## Exercise prompt
Your copy should contain exactly the lines from the start of the material through the line containing "2. Cooking pasta", and no pictures.

## Given data
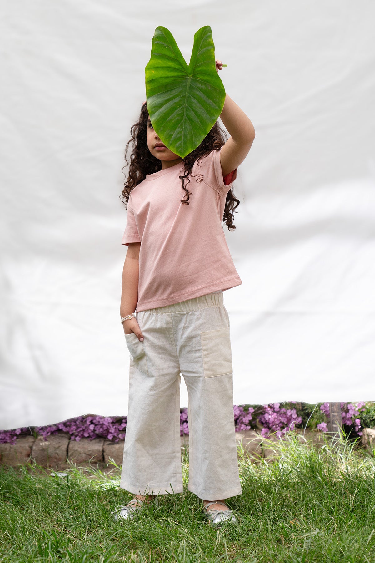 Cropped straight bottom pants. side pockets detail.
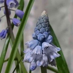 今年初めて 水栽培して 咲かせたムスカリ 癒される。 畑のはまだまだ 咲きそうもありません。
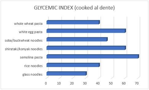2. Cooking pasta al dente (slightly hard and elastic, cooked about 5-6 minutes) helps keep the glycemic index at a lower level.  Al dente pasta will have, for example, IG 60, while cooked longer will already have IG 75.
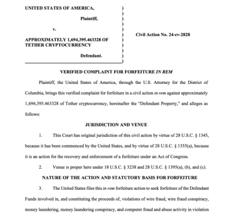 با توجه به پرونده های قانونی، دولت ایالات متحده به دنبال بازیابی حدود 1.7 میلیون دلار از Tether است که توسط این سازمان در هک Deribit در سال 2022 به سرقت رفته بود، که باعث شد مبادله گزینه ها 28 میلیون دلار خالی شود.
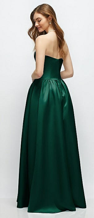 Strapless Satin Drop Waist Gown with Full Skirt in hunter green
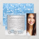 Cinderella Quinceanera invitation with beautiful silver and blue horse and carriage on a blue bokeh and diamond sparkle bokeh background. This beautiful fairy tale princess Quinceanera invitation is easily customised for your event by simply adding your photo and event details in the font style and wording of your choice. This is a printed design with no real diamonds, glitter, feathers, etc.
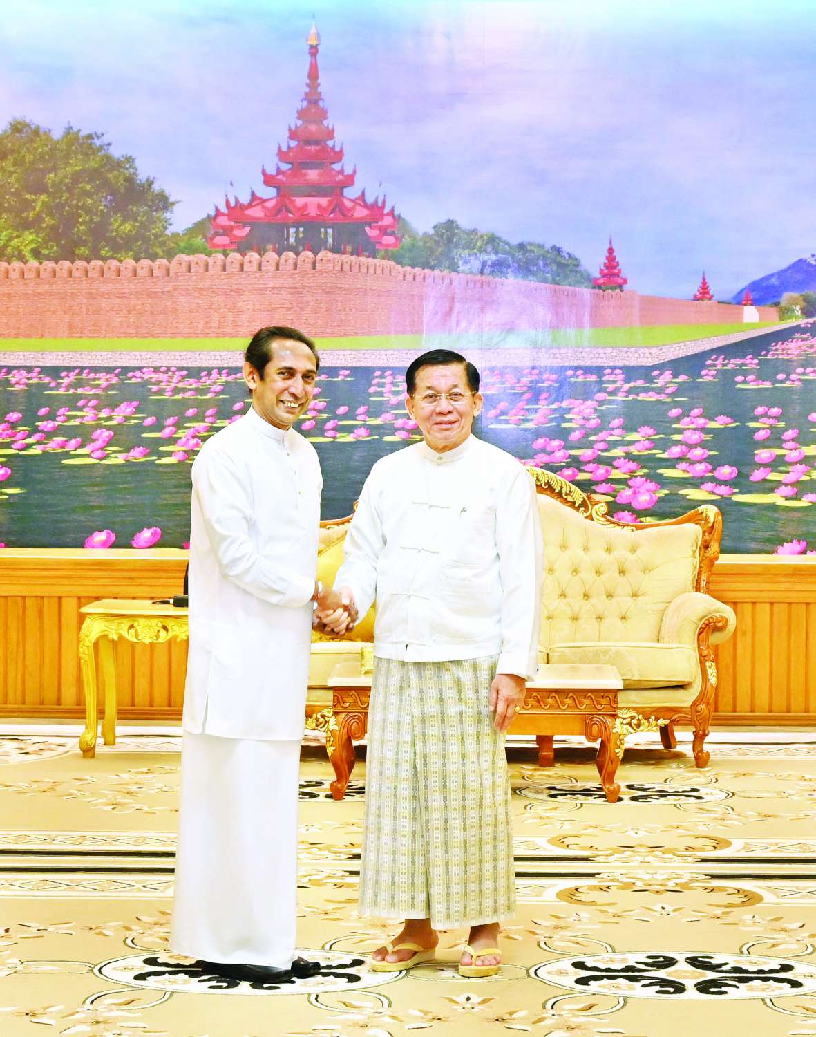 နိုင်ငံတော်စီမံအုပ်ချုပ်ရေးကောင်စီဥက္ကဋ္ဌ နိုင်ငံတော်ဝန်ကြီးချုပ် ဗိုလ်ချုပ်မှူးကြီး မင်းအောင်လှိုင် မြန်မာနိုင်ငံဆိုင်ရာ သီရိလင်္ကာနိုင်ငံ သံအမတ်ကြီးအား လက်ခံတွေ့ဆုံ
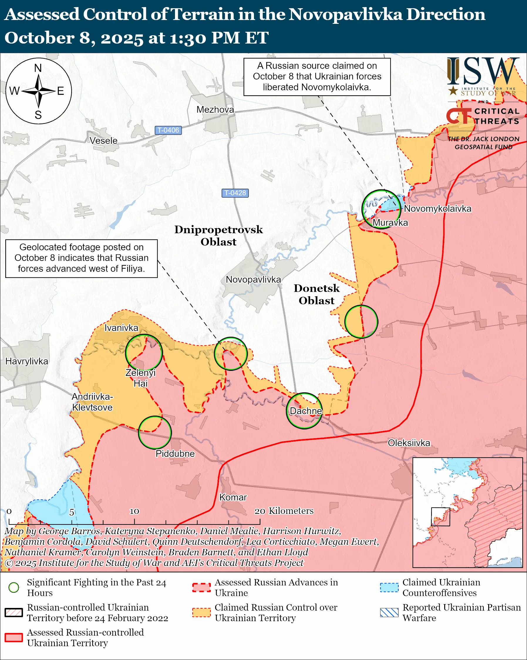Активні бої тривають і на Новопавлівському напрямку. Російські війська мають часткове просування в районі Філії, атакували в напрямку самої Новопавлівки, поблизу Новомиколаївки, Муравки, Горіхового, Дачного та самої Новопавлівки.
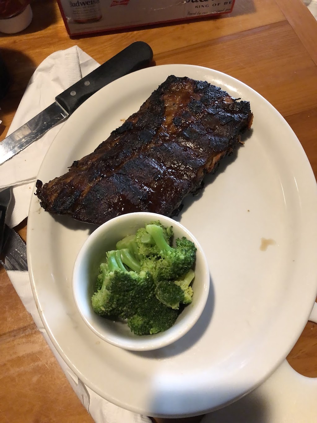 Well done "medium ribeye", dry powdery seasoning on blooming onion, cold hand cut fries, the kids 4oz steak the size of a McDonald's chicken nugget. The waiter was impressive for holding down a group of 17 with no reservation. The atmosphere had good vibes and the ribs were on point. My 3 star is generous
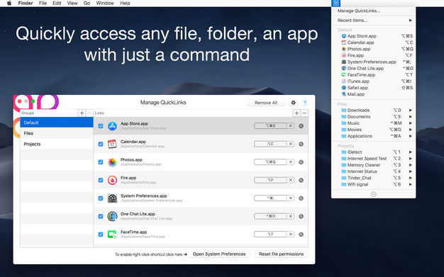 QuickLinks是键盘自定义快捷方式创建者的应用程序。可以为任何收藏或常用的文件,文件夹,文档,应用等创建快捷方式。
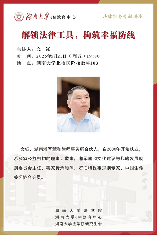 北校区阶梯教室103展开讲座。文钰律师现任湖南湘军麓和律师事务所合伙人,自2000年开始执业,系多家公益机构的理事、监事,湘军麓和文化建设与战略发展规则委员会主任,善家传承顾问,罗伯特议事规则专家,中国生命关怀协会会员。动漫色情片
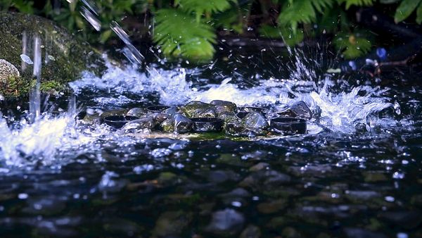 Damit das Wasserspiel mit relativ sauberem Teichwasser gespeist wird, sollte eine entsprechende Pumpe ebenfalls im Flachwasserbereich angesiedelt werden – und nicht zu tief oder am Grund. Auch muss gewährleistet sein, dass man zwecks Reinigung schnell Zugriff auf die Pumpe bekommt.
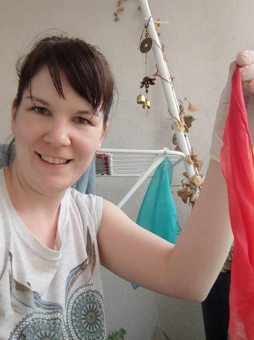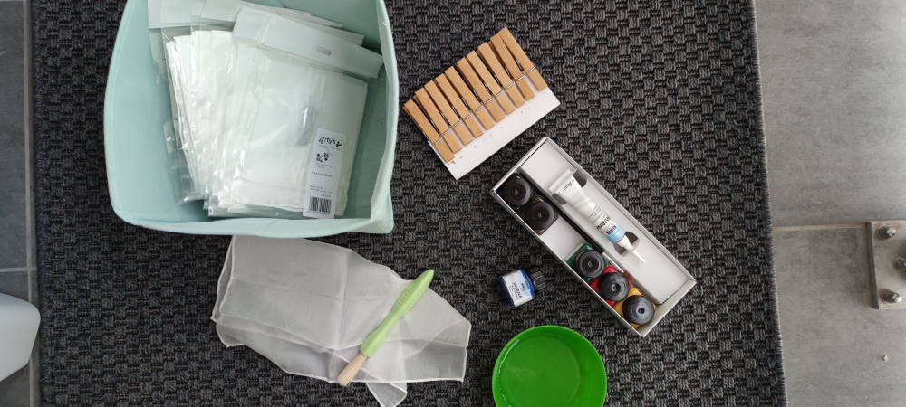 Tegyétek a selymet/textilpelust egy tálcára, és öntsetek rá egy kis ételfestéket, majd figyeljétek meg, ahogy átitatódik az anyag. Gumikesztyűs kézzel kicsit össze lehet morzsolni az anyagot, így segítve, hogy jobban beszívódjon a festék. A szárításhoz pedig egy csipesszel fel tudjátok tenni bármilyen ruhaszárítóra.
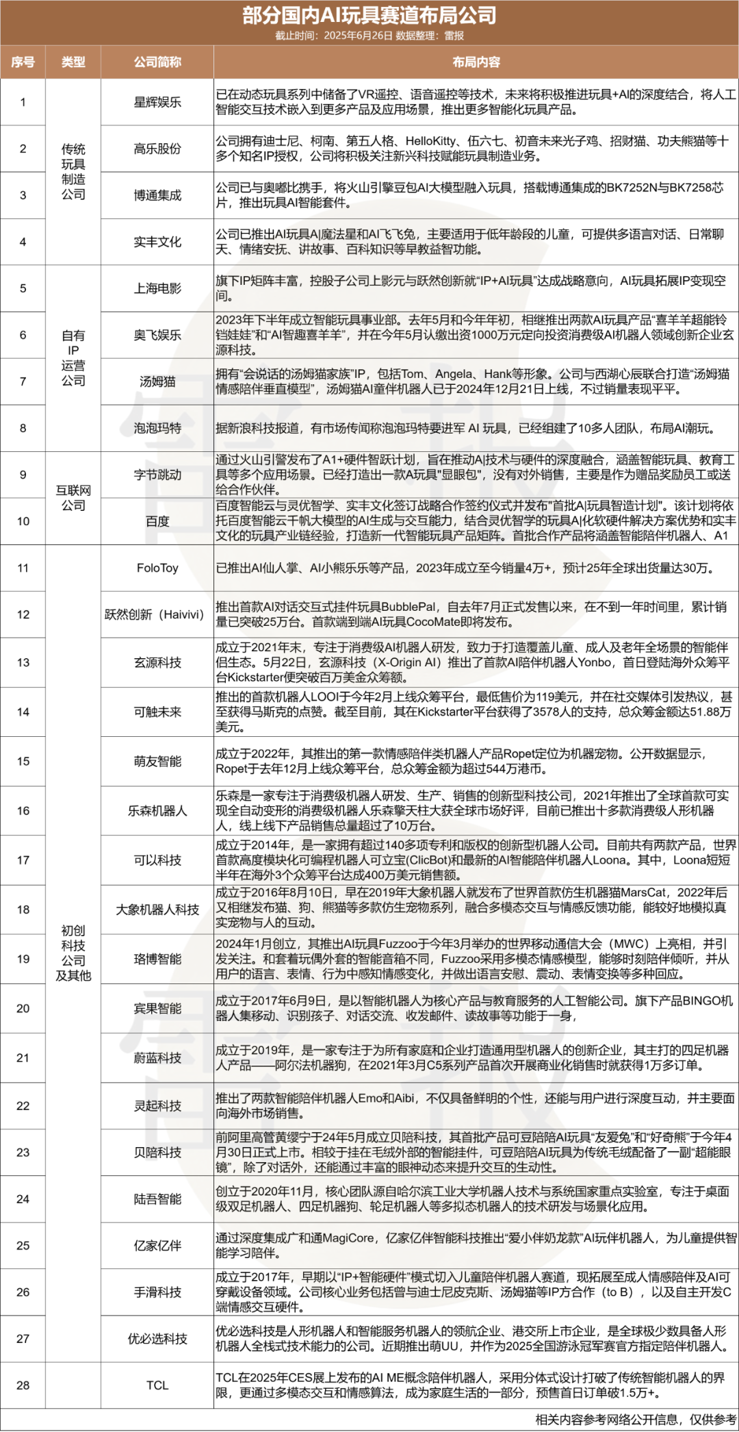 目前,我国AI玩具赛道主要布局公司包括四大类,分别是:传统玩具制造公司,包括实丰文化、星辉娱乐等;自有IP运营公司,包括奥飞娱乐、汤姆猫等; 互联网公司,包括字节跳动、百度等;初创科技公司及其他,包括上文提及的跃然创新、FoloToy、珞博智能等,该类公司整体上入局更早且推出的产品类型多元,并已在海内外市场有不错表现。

## Response to this exercise
 Cropped straight bottom pants. side pockets detail.
 今年初めて 水栽培して 咲かせたムスカリ 癒される。 畑のはまだまだ 咲きそうもありません。
2. Cooking pasta al dente (slightly hard and elastic, cooked about 5-6 minutes) helps keep the glycemic index at a lower level.  Al dente pasta will have, for example, IG 60, while cooked longer will already have IG 75.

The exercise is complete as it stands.